These are the hard questions that Steingraber forces us to ask and face.

Today, Steingraber has become a leader against hydraulic fracking in her home state of New York. She joins Josh Fox, filmmaker of Gasland, actor and activist Mark Ruffalo, Sean Lennon and Yoko Ono, among thousands of others who aren’t so famous. Says Steingraber,

Fighting for the environment is our most urgent civil rights and justice issue today. Environmental rights are in the order of the women’s right to vote in the early 20th century, the abolitionist movement in the 19th or the civil rights movement in the mid-20th. I like to believe that if I had been alive (and an adult) during those time periods, I would have fought for those causes as well.

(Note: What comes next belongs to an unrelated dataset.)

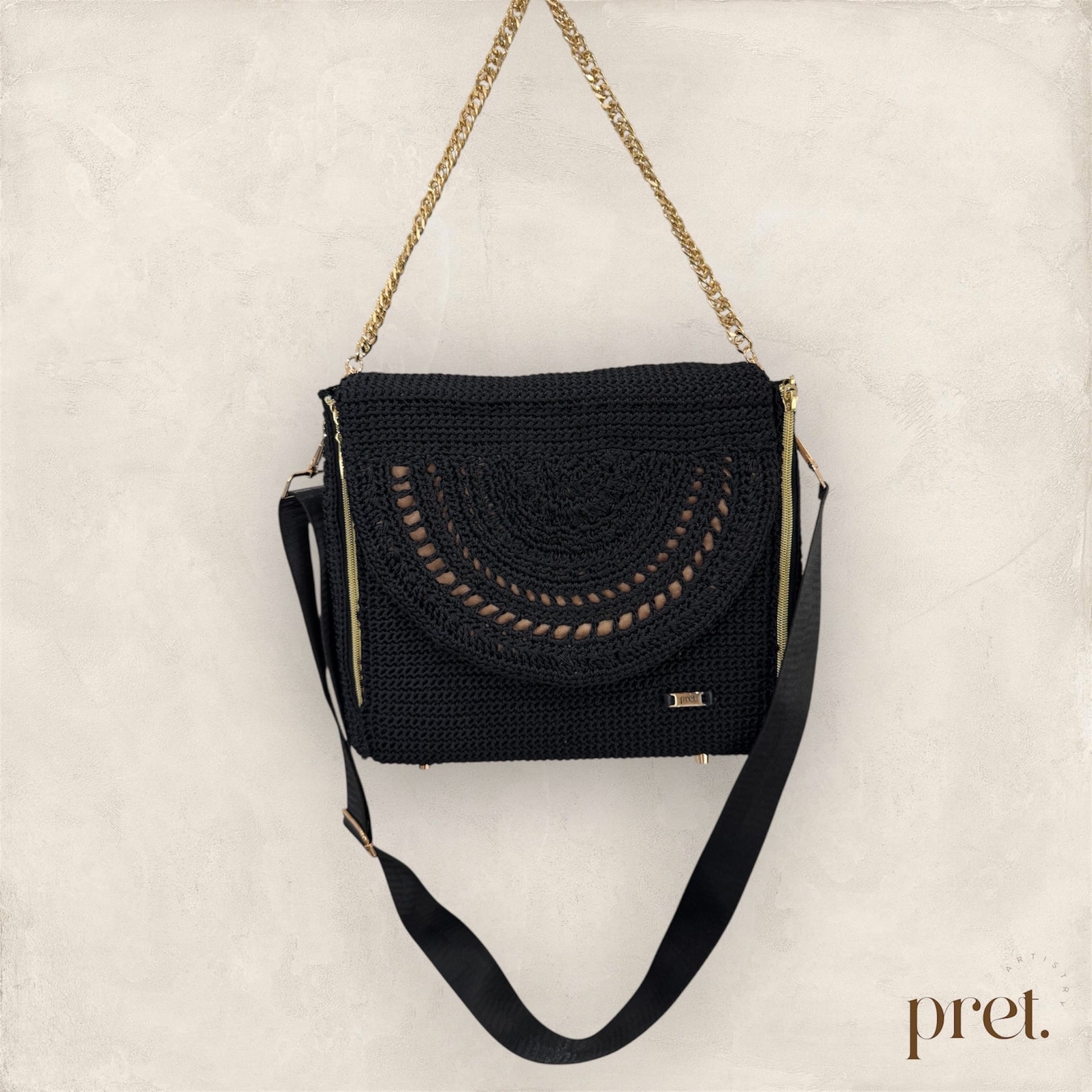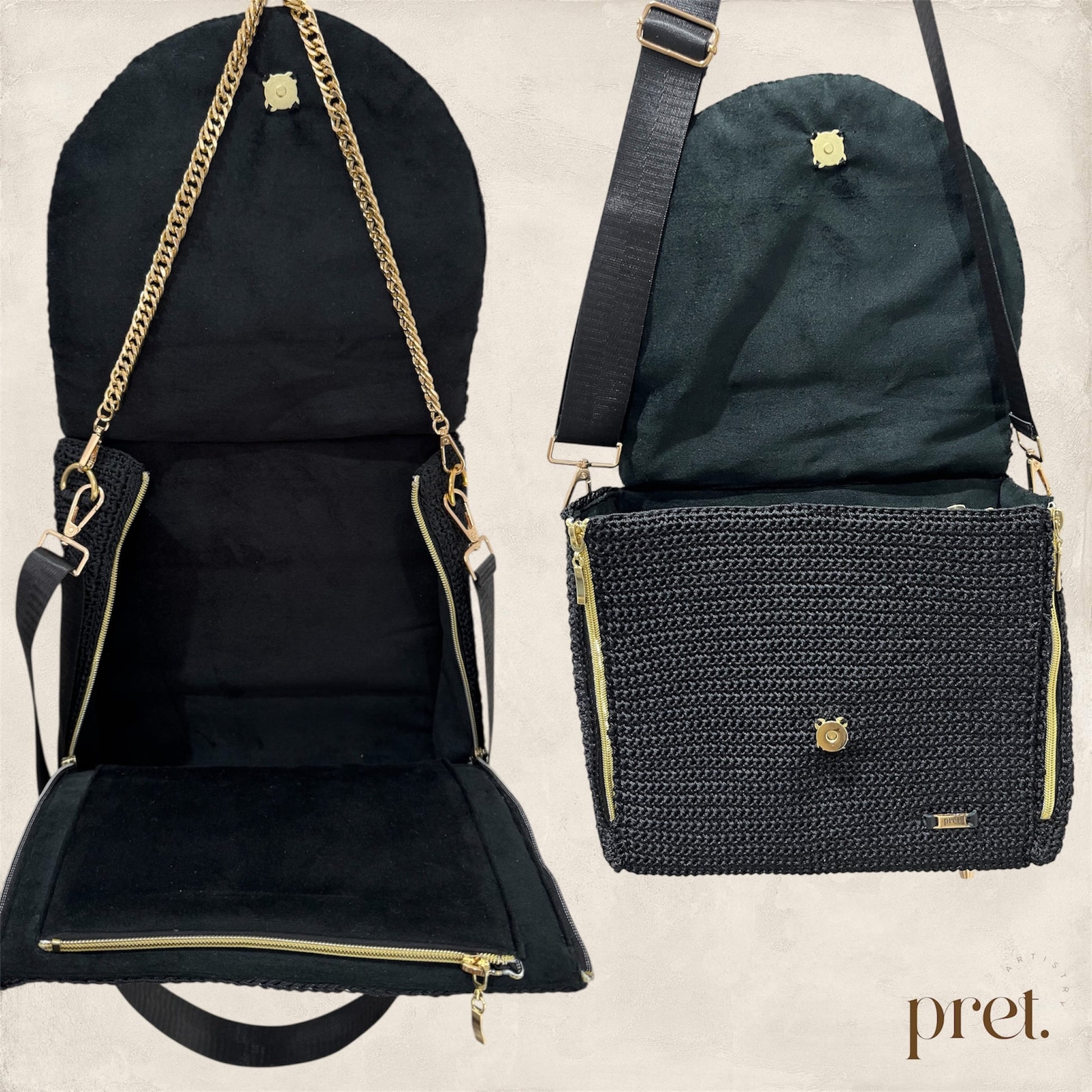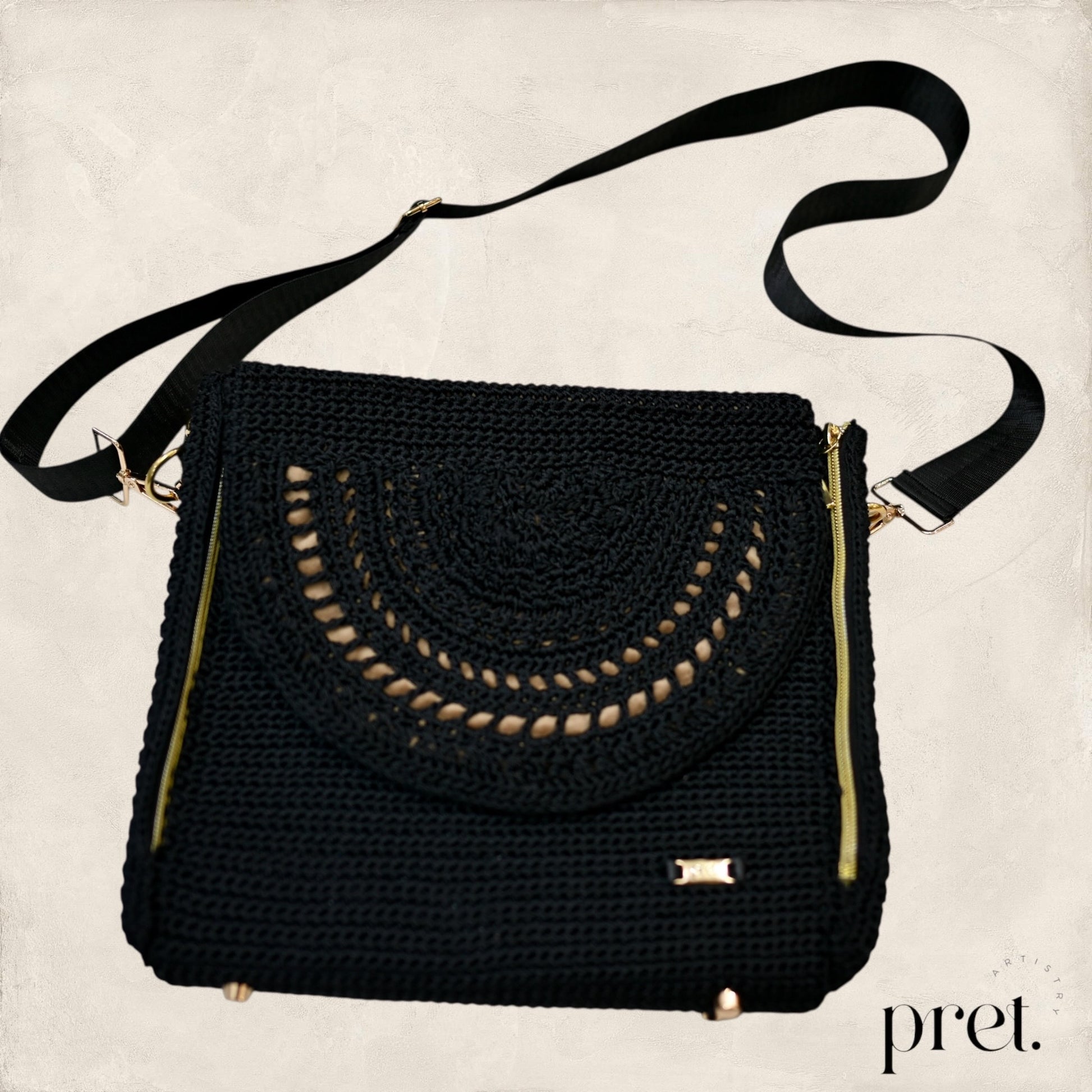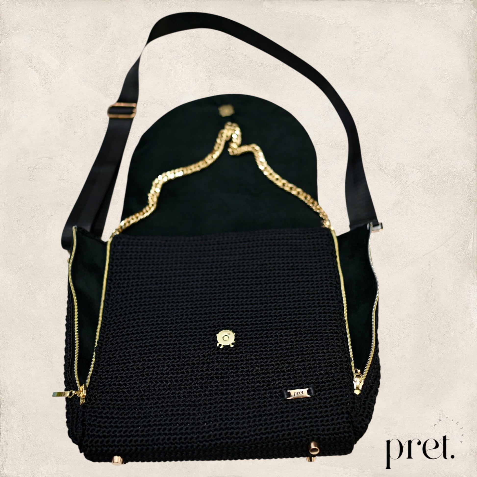 This handcrafted Black Velvet handbag features deep black satin yarn, a half-moon flap, and gold zippers. It has a soft velvet lining, adjustable strap, and a hidden chain for added style. Perfect for day or night, it blends classic design with modern details.

Steingraber recently gave away the Heinz Award of $100,000 she’d received to anti-fracking groups, and spends all of her non-parenting time stumping for the cause. She gave away the money despite not having enough income to put aside for her own children’s college saving accounts.

“My children’s college savings account,” Steingraber says, is a  “safe and healthy earth. We’re walking with targets on our backs right now in my little village in upstate New York as the fracking trucks roll through in preparation to start the drilling.”

Steingraber says she can’t be a HEPA filter to protect her children and keep the poisons out of their home and bodies.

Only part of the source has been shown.